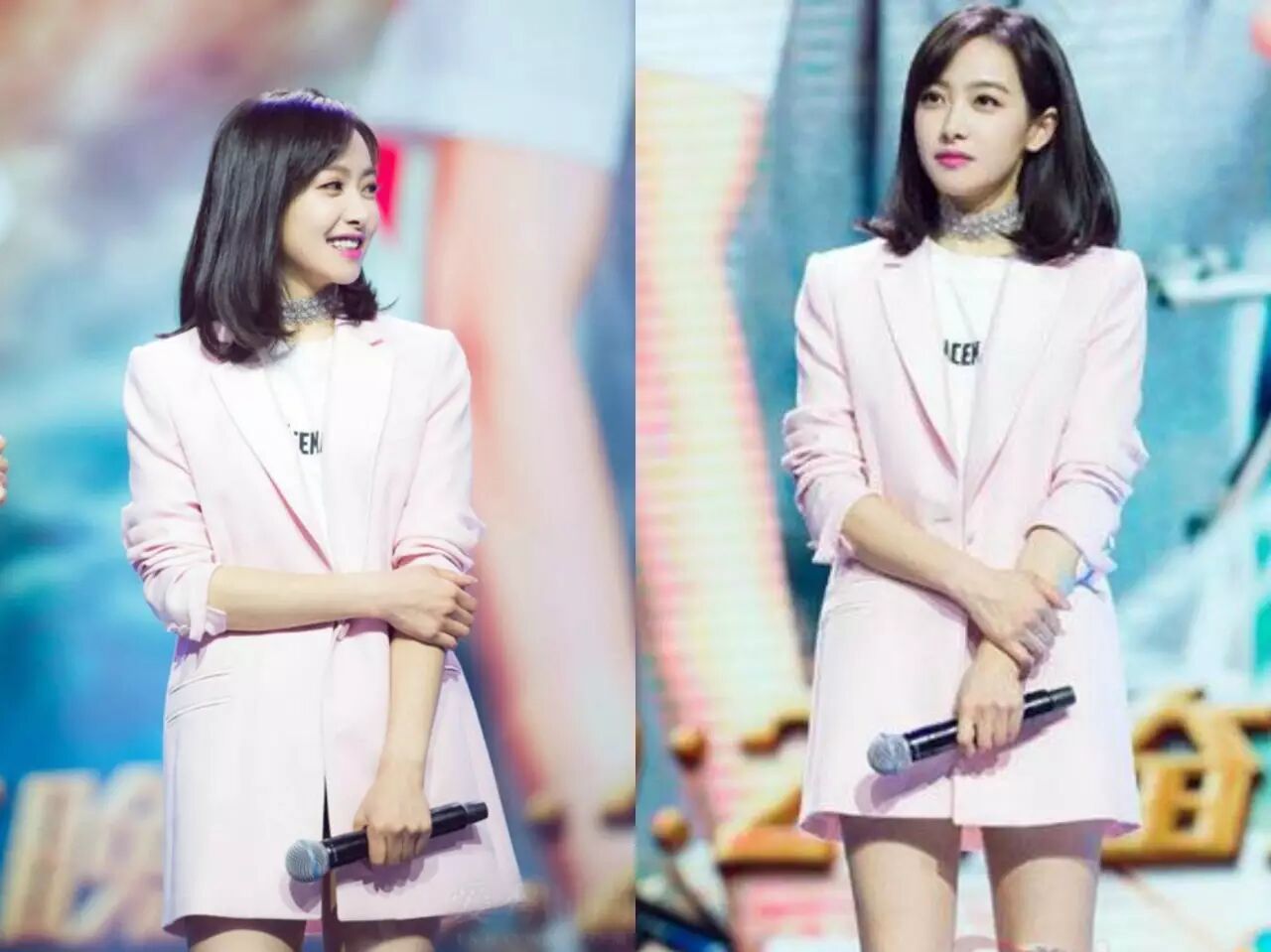宋茜这件晶粉色西装好减龄。里面用简单的T恤裙打底就够了。
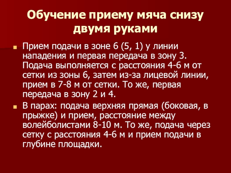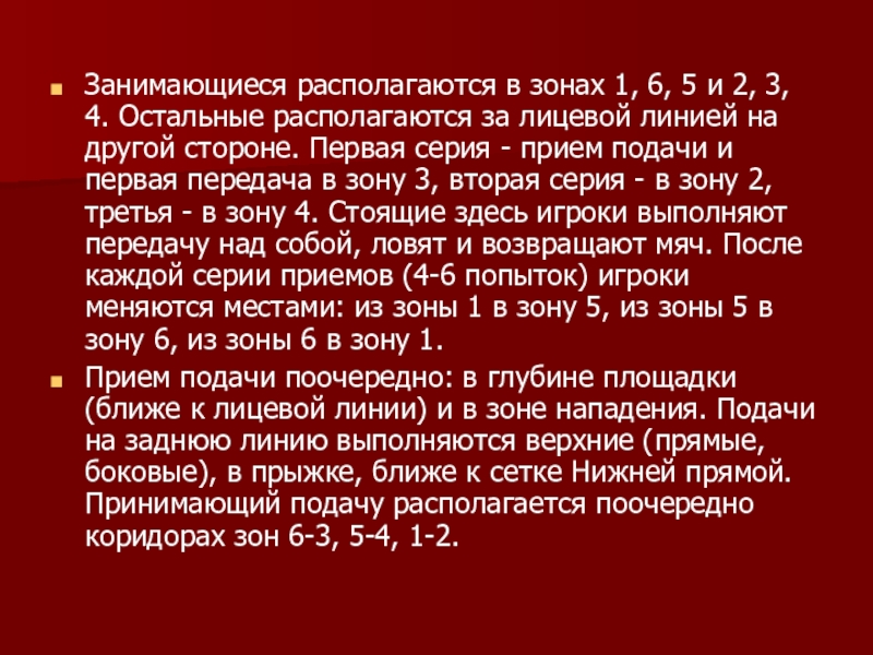 1) у линии нападения и первая передача в зону 3. Подача выполняется с расстояния 4-6 м от сетки из зоны 6, затем из-за лицевой линии, прием в 7-8 м от сетки. То же, первая передача в зону 2 и 4.
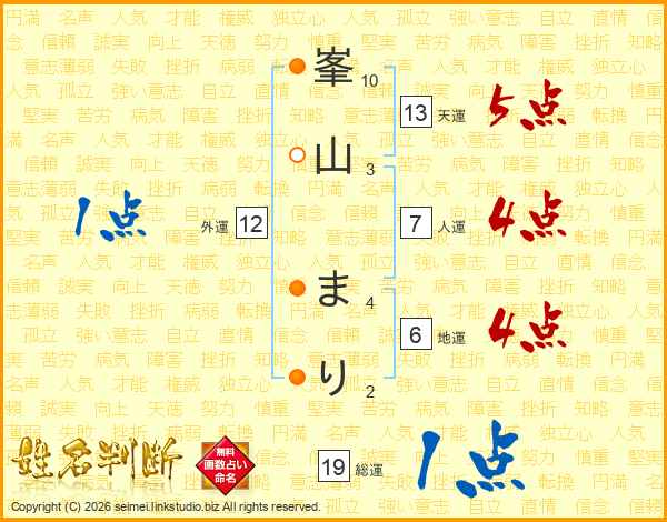 生活面を象徴する運勢です。外部から受ける影響力を表し、結婚運、家庭運や職場、環境への順応性を表します。総運から人運を引いた画数。姓や名が1文字の場合を除く。
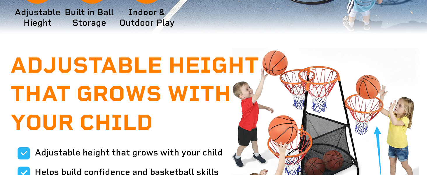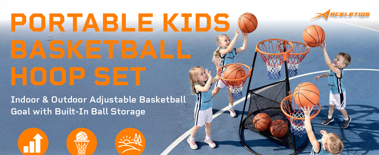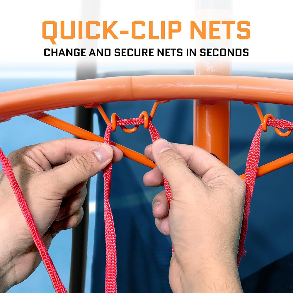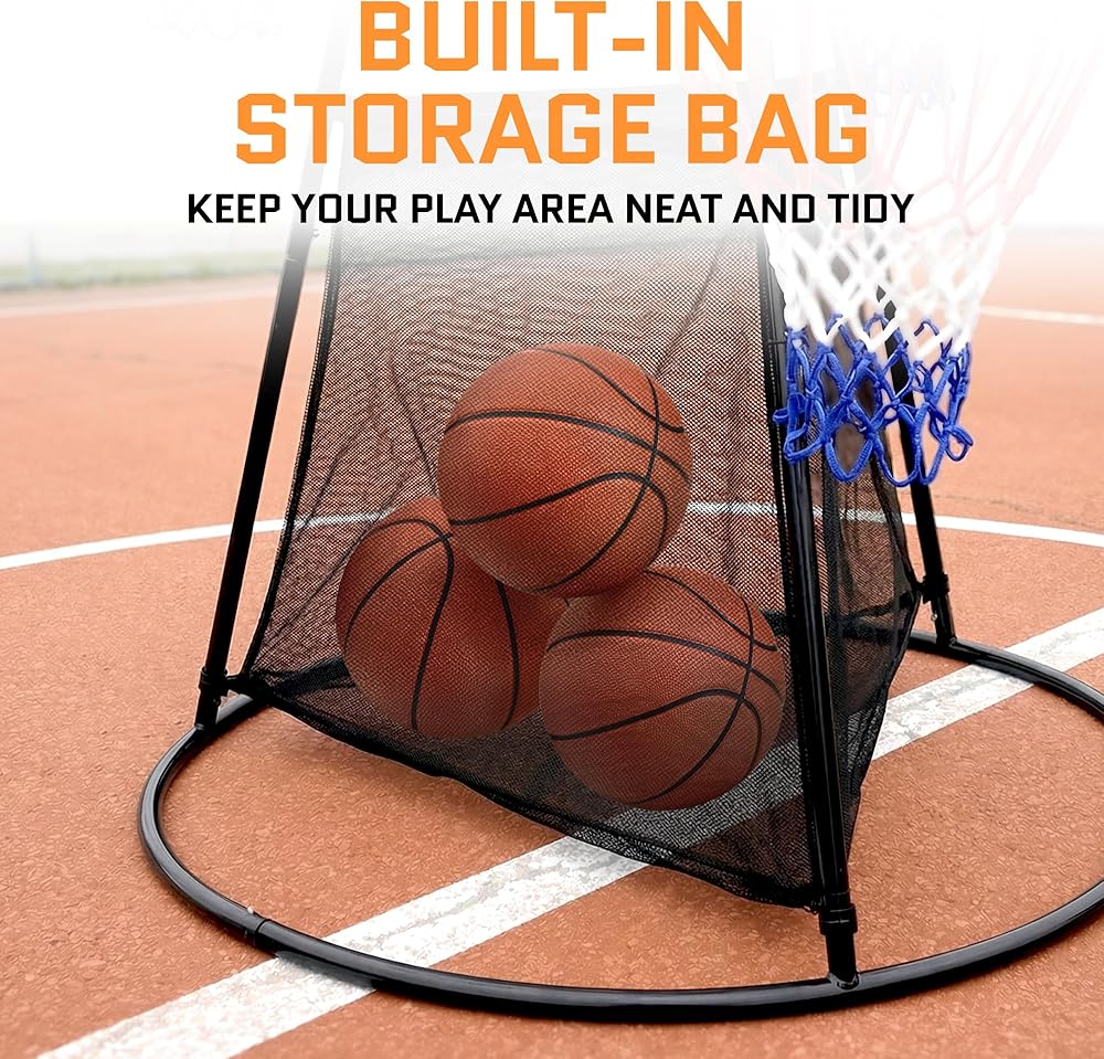 BUILT-IN BALL STORAGE NET - Convenient middle storage net keeps basketballs off the floor and within reach, helping kids stay organized and ready for nonstop play.
--------------------------------------------------
Task requirements:
Nothing but the lines from the line with "生活面を象徴する運勢です。外" through the last line of the data above should be printed, exactly as written and without pictures.

Written response:
 生活面を象徴する運勢です。外部から受ける影響力を表し、結婚運、家庭運や職場、環境への順応性を表します。総運から人運を引いた画数。姓や名が1文字の場合を除く。
 BUILT-IN BALL STORAGE NET - Convenient middle storage net keeps basketballs off the floor and within reach, helping kids stay organized and ready for nonstop play.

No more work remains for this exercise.